What's sorely missing from this discussion is the understanding that different cultures are differently suited for each system of government. There's simply no reason that what works in Sweden will work in the US, or China, or Zimbabwe, etc.
The last two generations of western civilization were raised, out of good intentions, to be culture blind, and now with what's happening in the country we are seeing the result.
This kind of thinking reminds me of biotruths, eugenics, social Darwinism, and other authoritarian concepts which seek to explain why it’s okay to have inequality between and within countries.
We should seek to raise rights and standards of living for all people. The focus on whether other people have cultures compatible with specific forms of government seems very suspect. Such talk keeps people down. Self-determination is a human right; therefore, it is a society’s right to determine government and culture. Your focus on culture is very strange; it suggests that the culture is a thing that justifies itself independent of the people. The culture is a thing people live and do. Your phrasing makes culture seem insidious, seeking to resist changes to status quo. Some monoculture advocates reject alternative cultures and seek to outcompete them. By implying there are singular cultures, you wipe away self-determination.
>kind of thinking reminds me of biotruths, eugenics, social Darwinism, and other authoritarian concepts which seek to explain why it’s okay to have inequality between and within countries.
I don't know where to start with this comment. Perhaps you should stop grouping arguments by stereotype.
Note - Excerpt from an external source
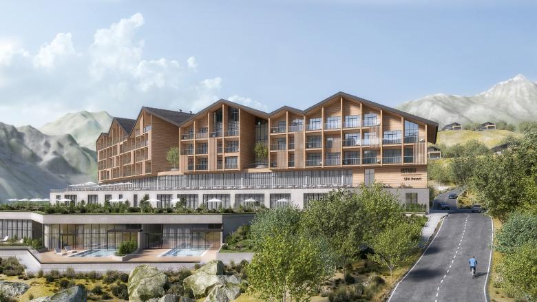 The entire masterplan follows an organic design that aims to build the new resort in harmony with nature and existing places. The organic and naturalistic approach was also adopted in the design of the main building, the hotel: the profile of the hotel recalls the shape of the mountain with a deliberately asymmetrical and iconic design.

At an individual level, different people require different interventions, because they have different personalities. Some people can handle responsibility. Some people need financial motivation. Some people respond to love. Others best learn through violence or fear (I was far too smart to listen to my parents until they threatened a spanking, for example).
If you take all of these different personalities and force them to live under together under a single set of rules, regardless of whether their needs are met, they will compete, if not for resources them for social clout. It is human nature. Particularly in a universe where resources are scarce and time is short.
Though large scale human interaction has a normalizing effect, within the high dimensional space of human belief and behavior there is ample room for these same micro behaviors to be reflected by macroscale cultural trends. And, similarly, because the "ideal" form of government depends ultimately on widely varying beliefs, forcing multiple peoples with significant cultural distance will inevitably lead to inequality and clash - this is not a statement of superiority, sand though it can be used as part justification for some of the antisocial beliefs you raised, that doesn't mean it isn't untrue or that these real problems that we are seeing emerge across the world will simply go away if we ignore them. This pattern has been repeated across time and space and is an unnecessary source of unacknowledged strife in the modern world.
All people should have self-determination, culture be damned. All societies should have self-determination. Period.
That’s why I drew the logical connection to authoritarian concepts. No one is forcing anyone to be more free. That would be impossible. Freedom is a choice one makes for oneself, individually. Keeping someone from being free can be forced upon another. Society can do this collectively through laws. These are nuanced differences between freedoms and liberties, which some people don’t have.
I don’t know why you focus on the culture when people are why the culture exists as it does, not the other way around. The status quo benefits from dominant culture and from keeping established power structures in place. You can’t use the culture as an argument to justify a form of government that removes human rights. Just like I can’t sign a contract that gives up my Constitutional rights. Those in less free countries are not given the choice of more freedom.
The last two generations of western civilization were raised, out of good intentions, to be culture blind, and now with what's happening in the country we are seeing the result.